Both men and women collect lantana from the surrounding forest and make one or two
basket a day, in addition to working for daily wages. The Madiga community started
lantana-basket making in 1993 with the help of Vana Samrisha Samithi (VSS), a local
non-governmental organization, in collaboration with the forest department. Members
of VSS motivate the villagers of Chethe Charala to conserve their forests. Even
though lantana baskets weigh a little more than bamboo baskets, and are not as
attractive as bamboo baskets, they have several advantages. They are cheaper than
bamboo baskets, and the raw material, lantana, is more readily available than
bamboo. They have the added advantage of potentially alleviating harvesting
pressure on bamboo. If we can find good markets for lantana baskets in and around
MM Hills, then making lantana baskets may help the communities increase their
cash income, and simultaneously reduce their dependence on fast depleting
bamboo resources.
- H. Rameshkannan, N.A. Aravind and Dr.R.Uma Shaankar
Building Rapport for future interventions in KMTR
The Kalakad-Mundanthurai Tiger Reserve (KMTR), in the southern Western Ghats, is home
to some of the most intact remaining mid-elevation forest of southern India. The
low-elevation dry forest in KMTR, in contrast, has been subject to extensive disturbance
in the past, and continues to be under pressure due to fuelwood collection and occasional
grazing. An eco-development project undertaken by the Forest Department, with support
from the World Bank, has reduced these impacts considerably, though it is still common
to see women bringing home headloads of fuelwood from these forests. We surveyed villages
on the periphery of KMTR and selected three neighboring villages to work with. People
from these villages visit the forest on a daily to weekly basis to collect fuelwood. This
fuelwood is either used by the collectors themselves, or is sold to others in the village.

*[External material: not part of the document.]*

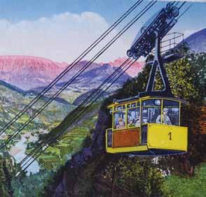 strecken errichtet, wo sich der Geburtsund Geldadel traf. Kaiserin Sisi, die die Berge liebte, ritt im Damensattel über alte Saumpfade in versteckte Seitentäler hinauf. Um die ihr nacheifernden Massen zu befördern, waren andere Mittel nötig. Straßen sollten vielerorts erst nach dem Zweiten Weltkrieg gebaut werden. Die vorletzte Jahrhundertwende war das Zeitalter der Elektrizität und der Schienenwege. Der Bozner Gastwirt Josef Staffler hatte in Kohlern, oberhalb der Stadt Bozen, ein Herrenhaus in einen Gasthof umgebaut. „Ein elektrisch betriebener Drahtseilaufzug“ sollte die Ausflügler hinaufbefördern. Doch die bürokratischen Mühlen des Kaiserreiches arbeiteten langsam: Da „kein Gleis am Boden vorhanden“ sei, fühlte sich das Wiener Ministerium nicht zuständig. Nach langem Hin und

We identified three categories of collectors: those whose main livelihood was fuelwood
collection, those who were farm laborers, but collected fuelwood to supplement their
income when on-farm work was not available; and those who collected fuelwood only for
their own use. In an attempt to wean the next generation of fuelwood collectors from
collecting wood from the forest, we organized a month-long tailoring workshop for
daughters of fuelwood collectors. Since the people consider tailoring a useful vocation,
they participated enthusiastically in the workshop. This also helped build a rapport
with the community, and at the end of the program the participants showed a keen interest
in raising trees on their own lands. The rapport that we have built with the villages
should stand us in good stead in our future interventions in KMTR.